During the Second World War she was requisitioned as a troopship serving with distinction in landings in North Africa, Sicily and Normandy. In 1947 she was refurbished by Harland and Wolf and my uncle, Bobby Thorburn was part of the team working on the engines. He was invited to go on trials but was required elsewhere. A lucky man for there was a scavenge fire and explosion that killed 28 men. Scavenge fires were not unknown but the death toll made the UK government sit up and take notice.

Ian Brown was appointed to head the inquiry team. His team discovered the fact that the fires occurred because the primary explosion set up conditions for the secondary, more destructive explosion to occur and the danger of oil misting. He was responsible for scavenge ports and trunking and the importance of their maintenance and the insistence that they were maintained and kept clear for now obvious safety reasons.

Brown was described by my father as a bit of lad, "He was not married, but there were always beautiful young women around."

My father was left his cuff links in his will which he still wears, large with purple and green stripes.

In January 1948 Reina del Pacifico returned to her owners, refurbished for the Liverpool-Valparaiso service and after running aground in the Caribbean in 1957 was scrapped in 1958.


----------



## Stephen J. Card (Nov 5, 2006)

I only saw the REINA just once, 1957. Went with the family in my granddad's boat 'Electra' to see 'Reina on the Rocks'. Made one more voyage down to S. America then scrapped.


----------



## Samsette (Sep 3, 2005)

Nav, a cousin sailed in her during the war and, I am sure he mentioned her taking troops to Norway in 1940. At the same time his brother, a regular RN man saw action at Narvik in a destroyer, I believe.
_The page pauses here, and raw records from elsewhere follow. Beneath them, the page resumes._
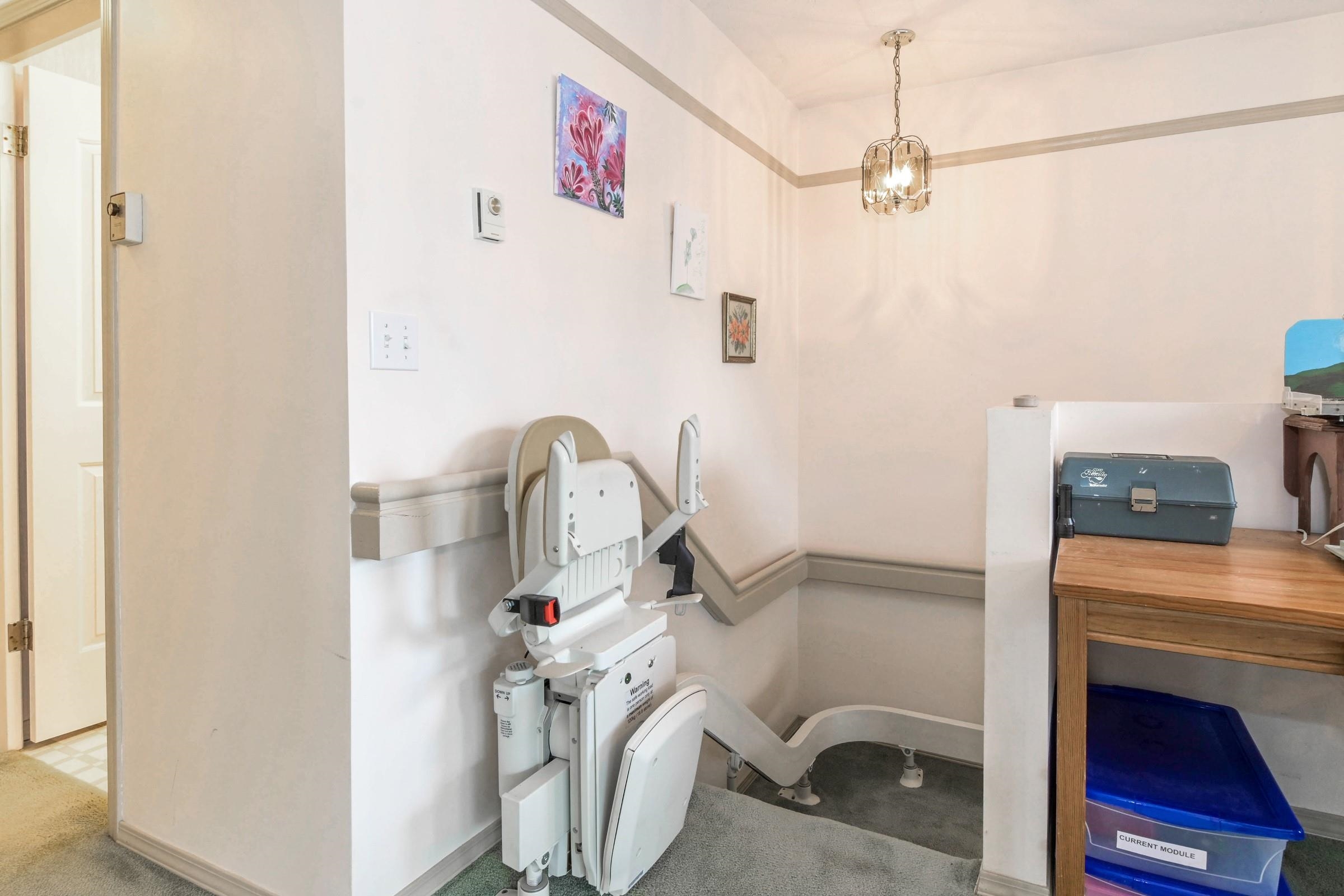 Terrific location - EDWARDS ESTATES is a quality, gated, 55+ complex.2 large bdrms with 2 full bathrooms - Upper floor end unit has lots of windows, and is very bright. Including an Acorn stairlift for those who need help getting up the stairs or for helping bring up the groceries. Large sundeck has hook up for natural gas barbeque - great for entertaining. Including in-suite laundry and an attached garage with direct access to your unit. The complex has a games room with shuffle board, a library and a gu...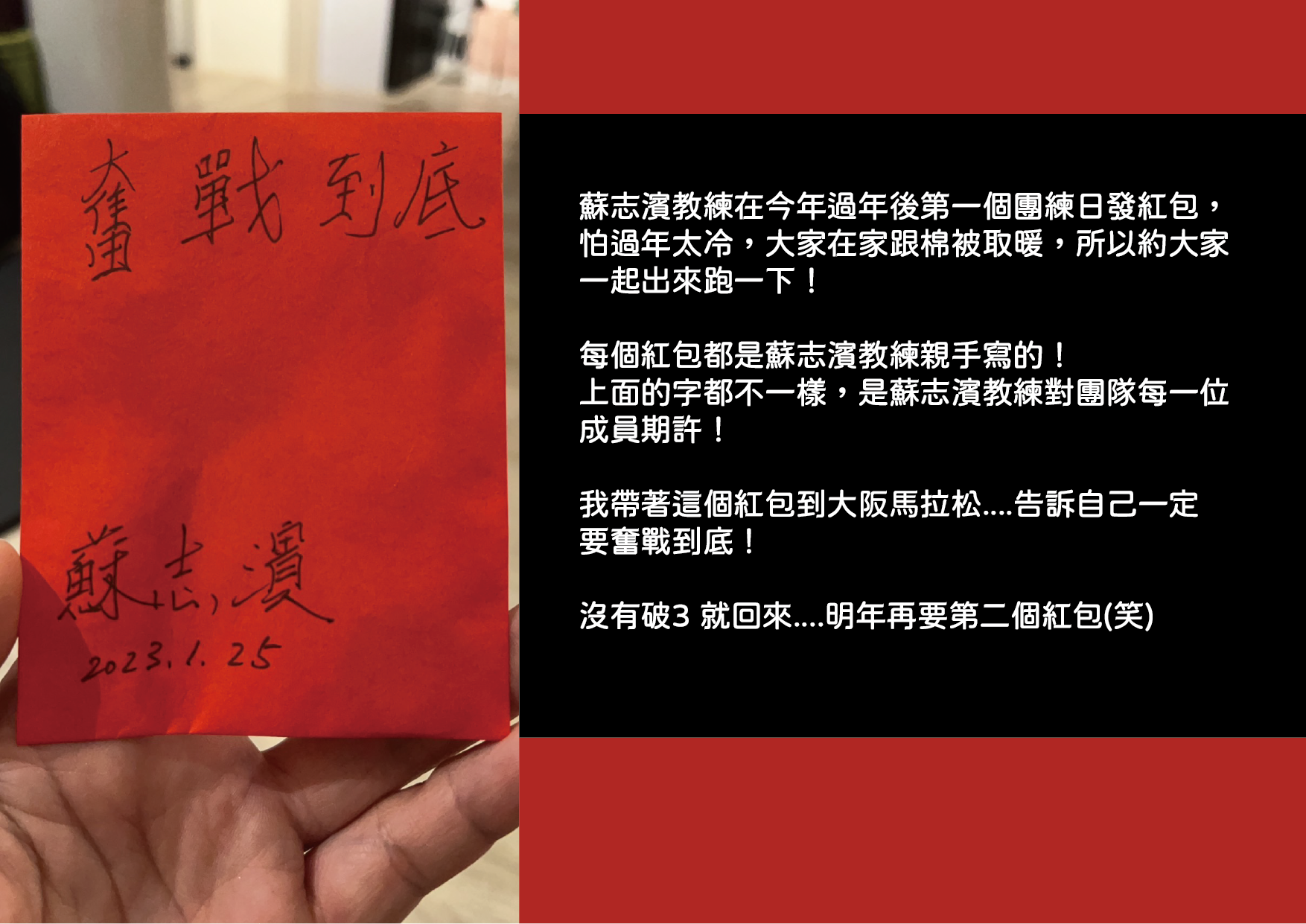 2022過年期間蘇志濱教練贈送為每一位團員紅包並親手寫上期許,極為貼心的舉動,愛死這個團隊的靈魂人物了!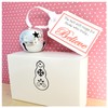 - 50mm metal bell, white high quality double sided satin ribbon, 300GSM printed card tag, high quality white gift box with handstamped design on front (design varies).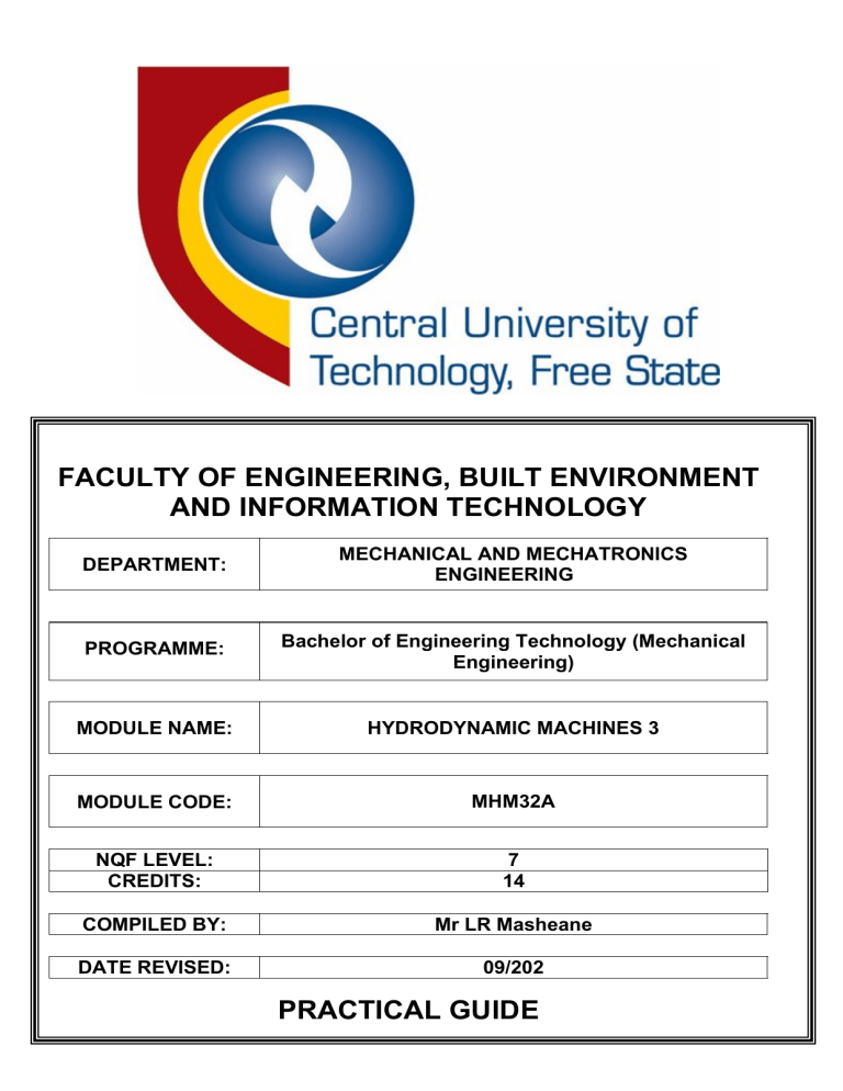 FACULTY OF ENGINEERING, BUILT ENVIRONMENT AND INFORMATION TECHNOLOGY DEPARTMENT: MECHANICAL AND MECHATRONICS ENGINEERING PROGRAMME: Bachelor of Engineering Technology (Mechanical Engineering) MODULE NAME: HYDRODYNAMIC MACHINES 3 MODULE CODE: MHM32A NQF LEVEL: CREDITS: 7 14 COMPILED BY: Mr LR Masheane DATE REVISED: 09/202 CONTENTS PRACTICAL GUIDE CONTENTS 1. Module overview ........................................................................................... 3 1.1 Purpose Statement 3 1.2 Graduate Attributes to be assessed in this Module 3 1.3 Mark allocation 3 2. Practical 1: Centrifugal Pump ...................................................................... 6 3. Practical 2: Pelton Wheel ............................................................................. 8 4. Laboratory and practicum rules:................................................................ 10 5. Safety ........................................................................................................... 11 5.1 General Safety 11 5.1.1 What to do ................................................................11 5.1.2 What not to do ..........................................................11 5.1.3 Further points to consider .........................................11 6. Practical report ............................................................................................ 12 7. Practical/Assignment Submittal and Identification Sheet ........................ 13 2 1. Module overview 1.1 Purpose Statement Practical work is an essential part of work to be studied in the subject, Fluid Science III. The student is expected to hand in a report upon completion of each practical. This report must include background theory, equipment used during the practical, procedure used during the practical, results, analysis, discussion and conclusions. The document must be in the format and at the same standard of work that you will submit to your employer. This report must be handed in one week after completion of the practical for evaluation. The total mark for all your practical’s and assignment is 35% of the course mark. An average of 50% for the practical mark must be obtained for admission to the main evaluation NB: You can be refused entrance to the laboratory if: o o 1.2 You have not prepared for the practical. You do not have a laboratory coat and laboratory notes. Graduate Attributes to be assessed in this Module No Graduate Attributes will be assessed in this module. 1.3 Mark allocation REPORT FORMAT AND STYLE WEIGHT Aim 6% Does not meet expectations 1-2 marks Aim of work unclear (Incomplete) 1-2 marks Apparatus 6% Same sketch as study guide Meets expectations Exceed expectations 3-4 marks Clear aim with adequate overview of scope of work (Copied) 3-4 marks 5-6 marks Clear aim, thoroughly defines scope of work, thorough overview (Own words) 5-6 marks Adequate sketch or image with identification of components. No captions Clear sketch with all labels and captions, required descriptions 3 0-1 marks Procedure Theory 6% 8% 5% TECHNICAL CONTENTS Tabulation of experimental results Calculations Graphs Summary and conclusions 12% 15% 20% 12% 4-6 marks Adequate steps/methodology for the experiment are provided 0 – 3marks 4-5 marks Detailed steps/methodology for the experiment are provided with additional steps, numbered 6-8 marks Fails to cover theoretical explanations (some formulas, not applicable theory) Adequately addresses theoretical explanations (some applicable theory and all formulas) 1-3 mark Demonstrates in depth research and analysis (all applicable theory and formulas) 4-5 marks Most sources are appropriately cited and a list of references in the IEEE style is adequately compiled. All sources are correctly and thoroughly cited Meets expectations Exceed expectations 5-8 marks Some experimental data (some units) provided, 6-11 marks Examples of all calculations with soe incorrect values 9-12 marks All experimental data (with units) provided 12-15 marks Examples of all calculations with correct values and answers 15-20 marks Complete set of graphs with correct xand y-axes/data expressed on logical presentations 8-12 marks Same as study guide 0 Citation and references 2-4 marks Fails to correctly cite and reference sources Does not meet expectations 1-4 marks Incomplete data set 1-5 marks Incomplete calculations 0-6 marks Incomplete graphs with wrong x-and yaxes 7-14 marks Complete set of graphs with some wrong x-and yaxes/data 0 – 3 marks 4-7 marks Fails to provide an adequate summary of the practical. Fails to provide conclusions regarding the experiment An adequate summary of the practical is presented. Conclusions regarding the experiment are A proper and complete summary of the practical is provided. Well thought through conclusions regarding the experiment are provided. 4 adequately discussed. Structure and neatness of report 10% 0 – 4 marks 5 -7 marks 8 – 10 marks Document is formatted poorly, paragraphs are poorly organized, sentences are poorly written with incorrect grammar, punctuation, spelling. Accuracy of experiment report and calculations not to standard Document format is generally consistent, paragraphs are usually well organized, sentences are generally well written with a few incorrect grammar, punctuation, spelling. Accuracy of experiment report and calculations up to standard Document format is professional, paragraphs are well organized, and sentences are well written with no errors in grammar, punctuation, and spelling. Accuracy of experiment report and calculations exceptional 5 2. Practical 1: Centrifugal Pump 1. AIM: To investigate the operating characteristics (pressure head, input power, power delivered and efficiency) against the discharge of the pump. 2. APPARATUS: Gilkes CH-75 Centrifugal pump Spring Mercury Delivery valve 3. THEORY: Suction pressure = p1 Delivery pressure = p2 Flow rate = Q Total pressure head across pump = Ht = (p2 – p1)/w w = specific weight

In summer of 1950 I joined her in a pierhead jump. Thirty odd ports of call and only tied up in two on the coast, Callao and Valpo.


----------



## tom roberts (May 4, 2008)

I avoided the Reina del Pacifico when she went thro the pool the skipper had a reputation for dishing out d.r.s for any reason of the smallest misdemeanour.I did however sail on the Pacifico got a dear john from my girl but she married me in the end I digress paid of her Xmas time I think it was her second voyage and when I checked my payoff I found two of the old white fivers stuck together giving me a fiver more than I should have and of course I imediatly gave it back like hell I did.


----------